The template walks backwards through messages looking for a "real" user message (not a <tool_response>). If none found, it raises: "No user query found in messages".

Fix: warmup requests must include at least one user message.

enable_thinking blocks assistant prefill

Conversations ending with an assistant message fail with "Assistant response prefill is incompatible with enable_thinking".

Fix: warmup appends a dummy user message when conversation ends with assistant.

<tool_call> XML as text

Qwen's native tool-call format is <tool_call> XML emitted as text content. The model produces both:

  • Structured delta.tool_calls (parsed by llama.cpp)
  • <tool_call> XML in delta.content (text)

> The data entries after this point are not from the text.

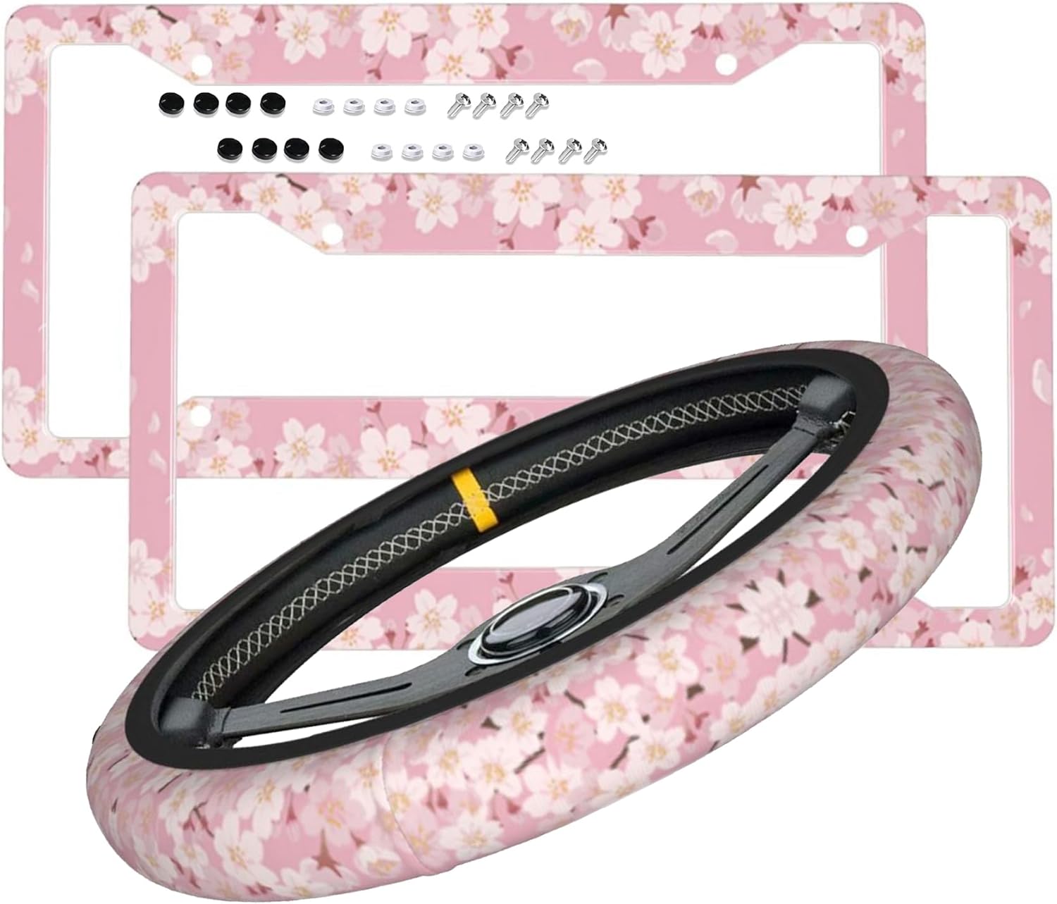 Made Of High Quality Aluminum Material:Lightweight aluminum license plate frame, strong and durable, anti-corrosion, rust-proof and weather-resistant;license plate rust proof! Us & Canada Standard Size: License Plate Frame Measures 12.2 X 6.3 Inches.Fits Standard Us And Canadian License Plate Frames.It will add the perfect patriotic look to any car, truck, SUV, motorcycle, trailer or motor home!Steering Wheel Covers Is Made Of Neoprene, Environmentally Friendly, Odorless, Anti-Slip And Heat Resistant, Breathable And Comfortable For All Seasons. Steering Wheel Covers For Cars Suitable For Round Or D-Shaped Steering Wheels With A Standard Size Of outer diameter 14 1/2 inch to 15 inch(37.5cm to 38cm), Suitable For Most Vehicles Such As Off-Road Vehicles, Trucks, And Cars. Foldable Design, Easy To Carry, Easy To Install,Does Not Require Any Tools.The kit contains:1 x Steering Wheel Cover2 x License Plate Frame8 x black Screw Caps8 x Machine License Plate Screws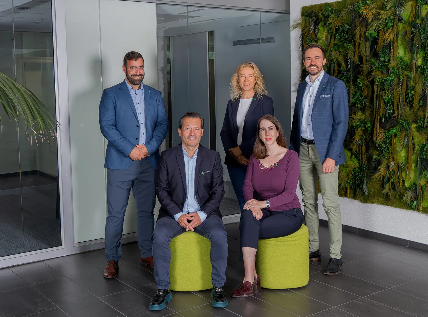 Auf dem Foto sehen Sie hinten von links nach rechts: Benjamin Kuoni, Abteilungsleiter Bildung, Stéphanie Logassi Kury, Abteilungsleiterin Kommunikation, Dr. Stephen Jenkinson, Abteilungsleiter Innovationen. In der Reihe vorne sehen Sie von links nach rechts: Sven Leisi, Generalsekretär und Andrea Küffer, Abteilungsleiterin Tarife, Digitalisierung und Qualität.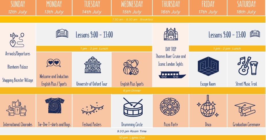 Całodniowe wycieczki do Londynu, Stratford Upon Avon i Bath. Półdniowe wycieczki obejmują lokalne muzea, rejs po rzece i wizyty w Oxford University College. Organizowany jest pełny i urozmaicony program zajęć popołudniowych i wieczornych, który będzie obejmował wybór sportów, a także inne zajęcia, takie jak wieczory filmowe, pokazy talentów, noc karaoke, dyskoteki studenckie i quizy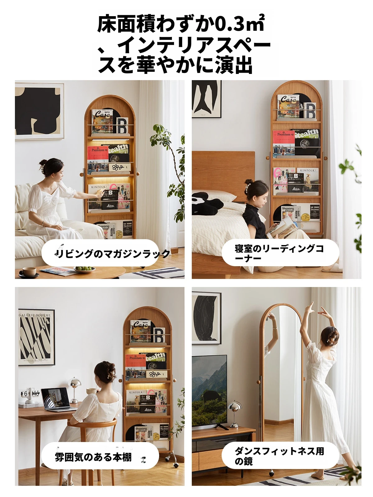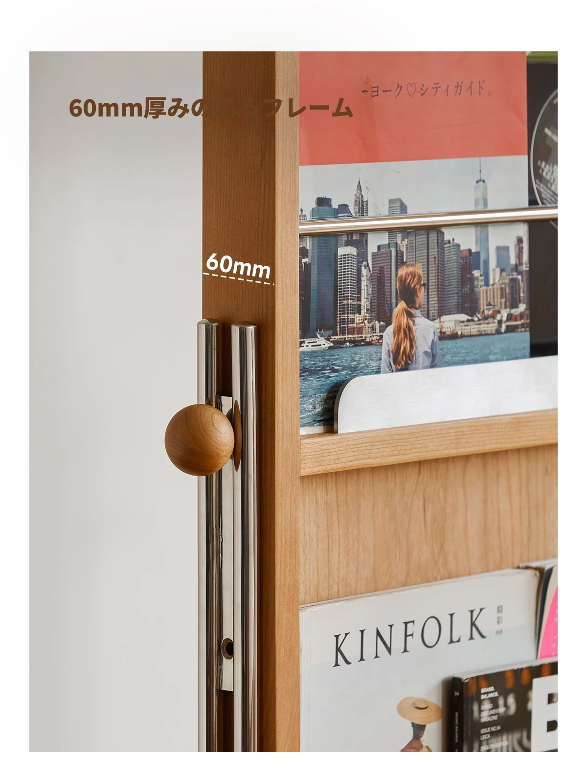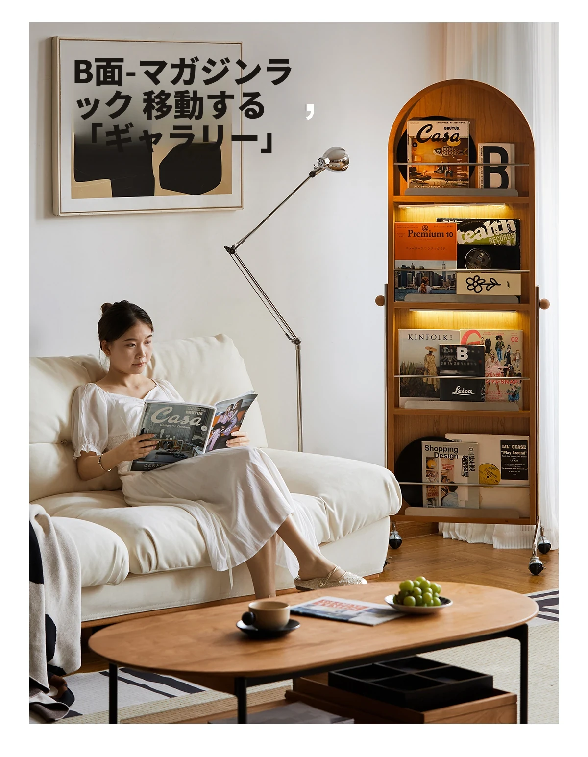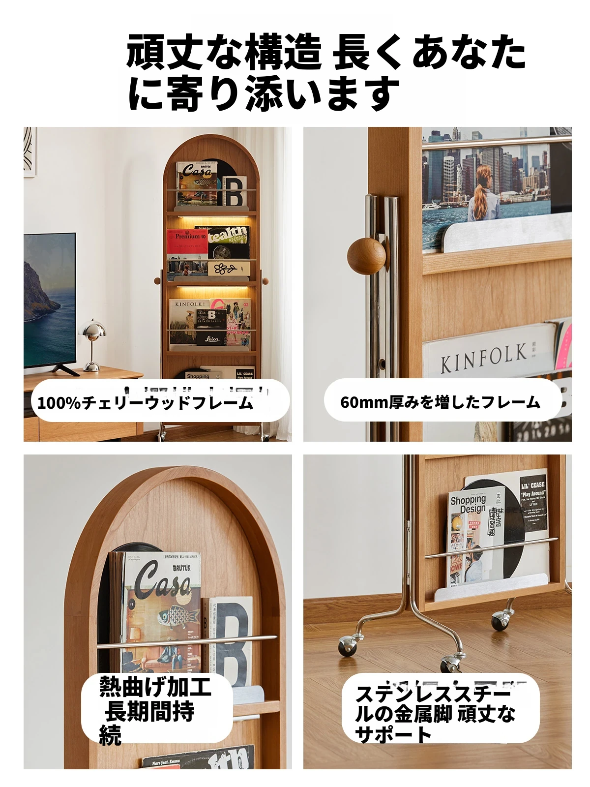 【魅力たっぷり】小半木材使用の移動式収納キャビネット&マガジンラック家具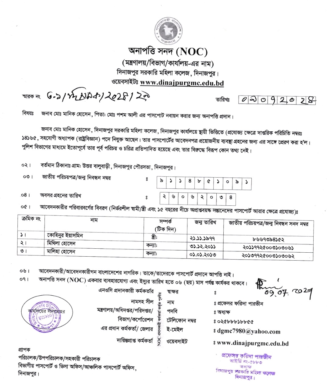 জনাব মো রফিকুল ইসলাম বিভাগীয় অনাপত্তি ফরম (এনওসি)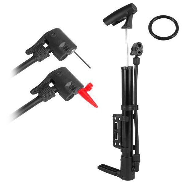 Metalowa, nożna pompka rowerowa z dodatkowymi, wymiennymi końcówkami w zestawie! Doskonale nadaje się również do pompowania materacy, piłek czy pontonów. Końcówka węża wyposażona została w specjalny klips umożliwiający pewne zapięcie pompki na wentylu. Produkt fabrycznie nowy, wysokiej jakości. Solidna metalowa konstrukcja zapewni długie i bezproblemowe użytkowanie. Wymienne końcówki dostosowane do różnych wentyli! Specjalny klips umożliwiający wygodne podpięcie pompki do wentylu.Dodatkowy uchwyt montażowy do ramy roweru umożliwia zabranie pompki w podróż.
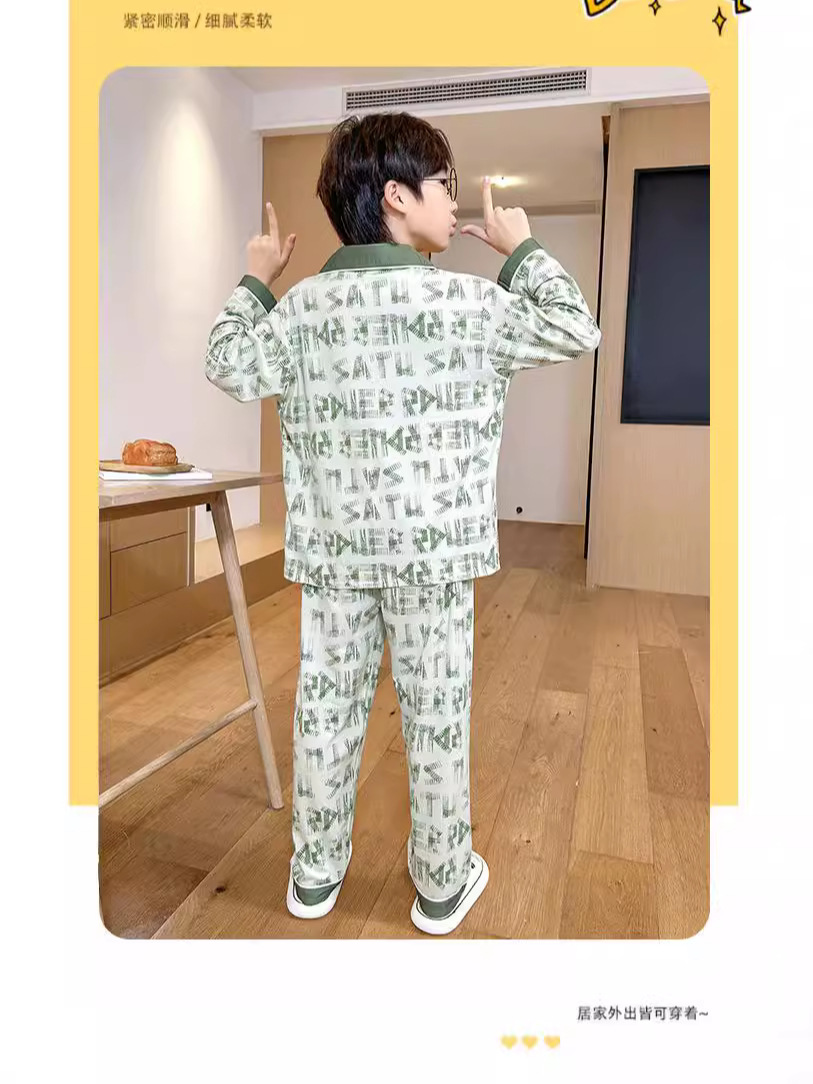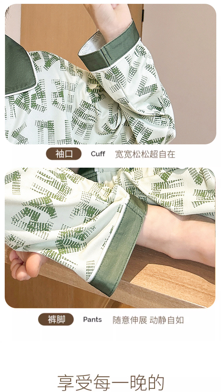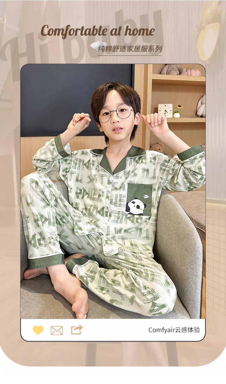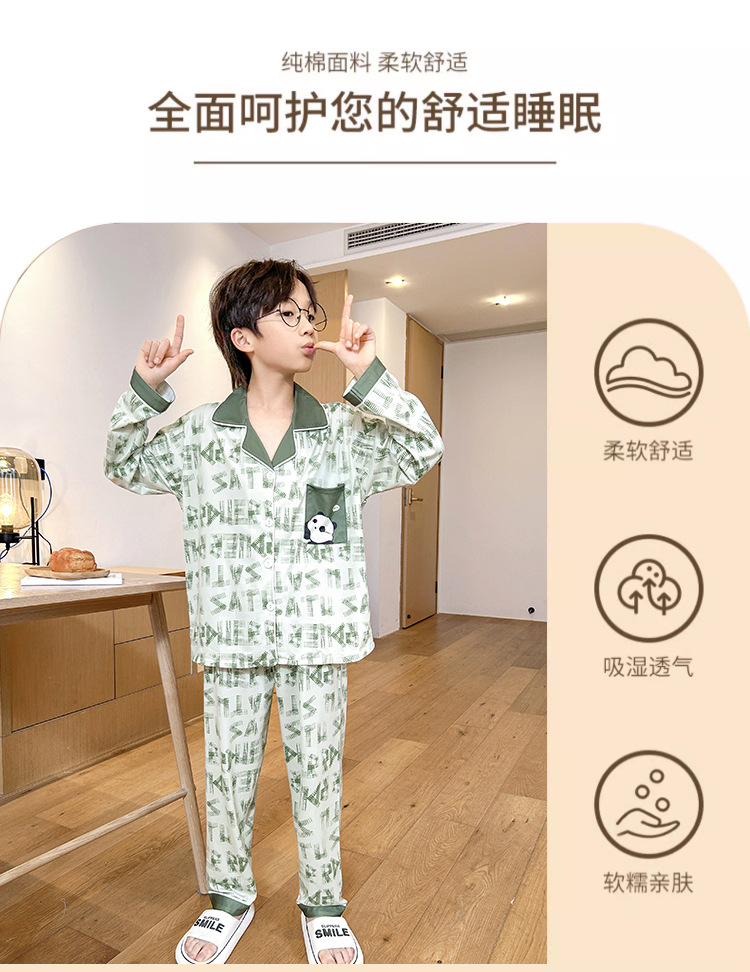 男童睡衣春秋季长袖薄款大童男孩卡通熊猫口袋儿童开衫家居服套装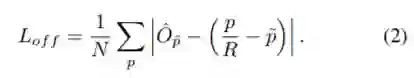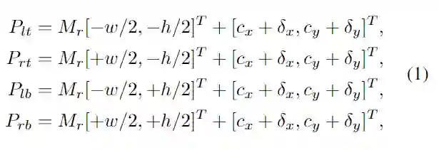 其中(cx,cy)和(δx,δy)是中心点和偏移量预测;(w,h)是尺寸预测; Mr是旋转矩阵;Plt,Prt,Plb和Prb是定向边界框的四个角点。按照CenterNet的回归任务,本文使用L1损失进行旋转角度的回归: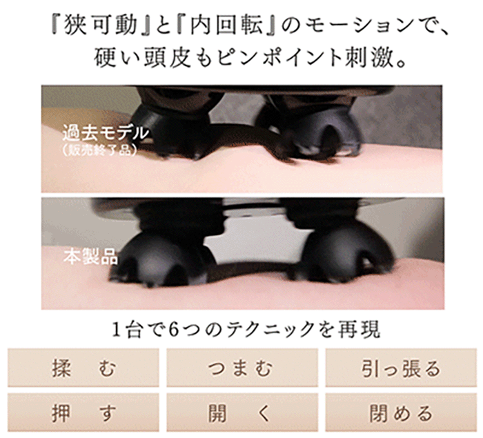 6種類の揉み方でしっかり揉んでくれるます。固まりがちな頭皮もしっかり動かします。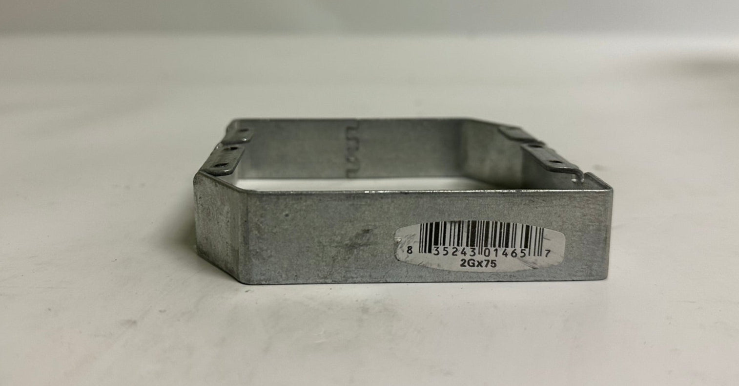 The Orbit 2GX75 is a new, 2-gang adjustable ring extension designed to add 3/4 inch of depth to electrical outlet boxes, ensuring a flush finish with the wall surface. Constructed from 16-gauge galvanized sheet steel, it offers durability and resistance to corrosion. This extension mounts easily to compatible adjustable rings, such as the Orbit 4SAR2G and 5SAR2G, using two 8-32 screws. Multiple extensions can be stacked on a single ring to achieve greater depth if needed. It is UL and ETL approved, RoHS compliant, and suitable for both residential and commercial applications. Sold in packs of 50, the Orbit 2GX75 provides a cost-effective solution for ensuring proper alignment of 2-gang electrical boxes with wall surfaces.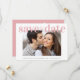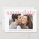 Un fresco y alegre salva la invitación del boda de fechas. "guardar la fecha" está escrito en la parte superior de tu foto de compromiso favorita en tipografía rosa rosa claro, limpio y moderno, y debajo puedes personalizar tus nombres, fecha de boda y ubicación. En el reverso, puede personalizar su información de guardar la fecha con más detalle en una tipografía blanca coordinada contra un fondo rosa claro y de color rosa.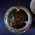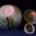 色は3点とも織部釉をベースにアクセントとして伊羅保釉を加えて流紋の景色にしました。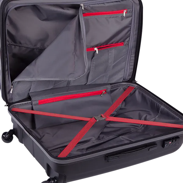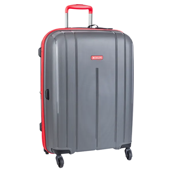 Travel in style with the Cellini Qwest Medium 4-Wheel Trolley. This hard shell case is spacious, durable, and comes with a 10-year warranty. Perfect for any adventure!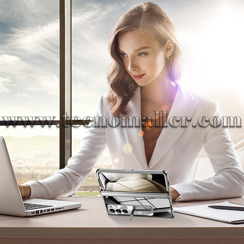 Diseño de bisagra ultrafina y soporte de resorte: (1). Funda para Samsung Galaxy Fold 5 con diseño mejorado de protección de bisagra. La bisagra es más delgada, el diseño de apertura y cierre de resorte, se ajusta, evita la entrada de polvo, y el diseño de bisagra delgada aumenta la comodidad de sostener. (2) La parte posterior de esta funda para Samsung Fold 5 tiene un soporte resistente para funciones de apertura y cierre fáciles y rápidas mientras mantiene el teléfono en modo horizontal con el mejor ángulo de visión.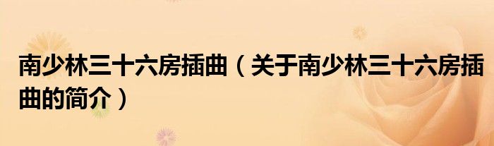 本文關于南少林三十六房插曲的簡介就講解完畢,希望對大家有所幫助。
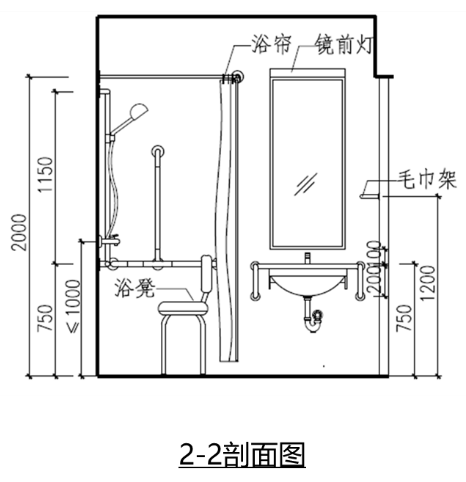 應設置至少一個無障礙淋浴間或盆浴間和1個無障礙洗手盆(pén);

These are duplicates. The provider strips XML from stored text when structured tool calls are also present.

During streaming, text_deltas are suppressed on tool-calling turns (since the XML would be visible to the user). If no tool calls are detected, the suppressed text is re-emitted from the stored response.

9B model limitations

  • Won't synthesize with tools available: when tools are offered, 9B models always call them instead of responding from context. This is why the synthesis directive is needed after tool execution.
  • Ignores "don't re-search" prompting: unless maxToolRounds limits the number of attempts, the model spirals into repeated searches with slight query variations.
  • Doesn't distinguish tags from concepts: TextSearch was removed because the model used it for concept searches (TextSearch("reason")) instead of vault entities (TextSearch("enzyme/pmf")).

llama.cpp server flags

For best results with Qwen on llama.cpp:

llama-server -m model.gguf \
  -np 1       # single slot (avoids scheduling mismatches)
  -fa on      # flash attention
  -c 32768    # context size

-np 1 is important: with multiple slots, the tool-calling turn and synthesis turn can land on different slots with different cache states.

llama-cpp-python does NOT work

The Python llama-cpp-python[server] doesn't parse Qwen's <tool_call> XML into structured delta.tool_calls. All tool calls come through as text. Use the native C++ llama-server for proper tool calling.